Many litigators will be aware of the historic case of Wraith v Sheffield Forgemasters Ltd [1998] in which it was considered when it is reasonable for a firm not located in the client’s local area to be instructed.

However, costs is a fast paced environment and Wraith is now more than 20 years old. How well does the case hold up?

In Axnoller Events Ltd v Brake & Anor [2021] it was considered whether it is reasonable to instruct a London firm when the client is based outside of London.
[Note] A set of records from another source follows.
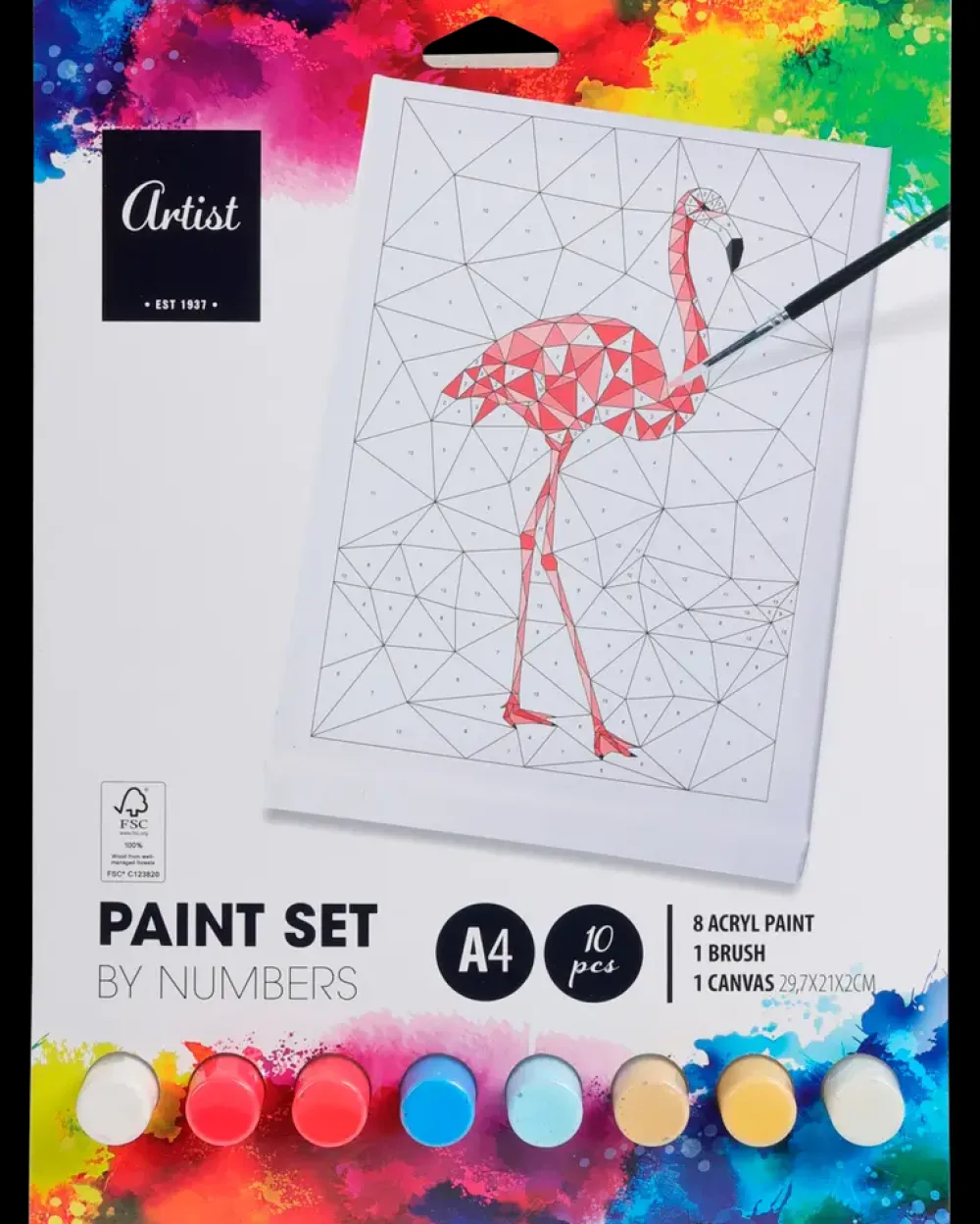 Malebog med maling og pensel. Farvelæg motiverne ved hjælp af numrene på papiret og skab et flot billede. Mål: 23 x 33 x 2,5 cm Der kan ikke vælges variant i webshoppen.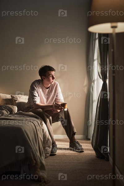 Молодой белый мужчина сидит на кровати, отражая в то время как держит чашку кофе внутри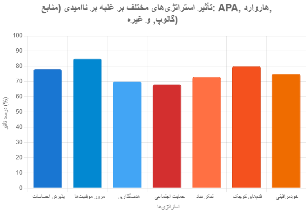 این نمودار نشان میدهد که مرور موفقیتها (85٪) و قدمهای کوچک (80٪) بیشترین تأثیر را دارند، در حالی که همه استراتژیها بهطور کلی تأثیر قابلتوجهی بر تابآوری دارند.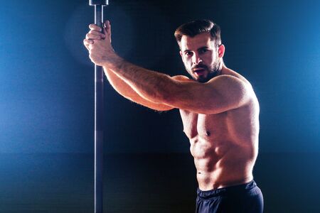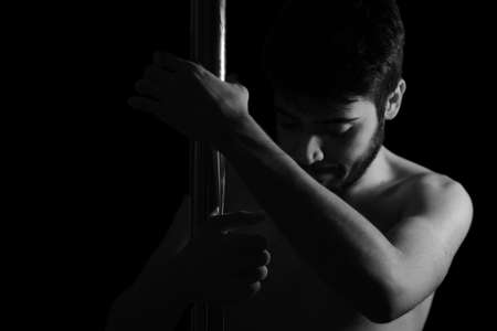 Dramatic dark portrait of a young man with a pole dance bar. Dark background studio shot. Black and white image.

The following factors were considered relevant:

  1. The importance of the matter
  2. The legal and factual complexities
  3. The location of the client’s home, place of work and the Court in which the proceedings are commence

As the judge commented instructing a London firm will almost inevitably mean the use of a higher hourly rate, but this does not automatically mean that the costs are unreasonable. However, it will always be for the Receiving Party to show why it was reasonable for a London firm to be instructed. Numerous reasons were put forward here, with one key point being that the matter had a very significant impact upon the parties, being a possession claim valued in the millions.

The matter itself was complex with a set of possession proceedings being brought and a set of eviction proceedings being brought. The background of the claim was also lengthy and complex, with the issues going all the way back to 2004. Various disputes, including an employment claim had continued until present. Due to this the Court agreed that it was reasonable for a London firm to be instructed.

While Wraith is now very old in costs terms, the lessons are still valuable today.

While not the main focus of this matter, it also worth remembering that while new Guideline Hourly Rates will soon come into force, as the Court agreed here, they are still a guideline and only a starting point. The Court will still be willing to hear arguments that higher rates should be allowed.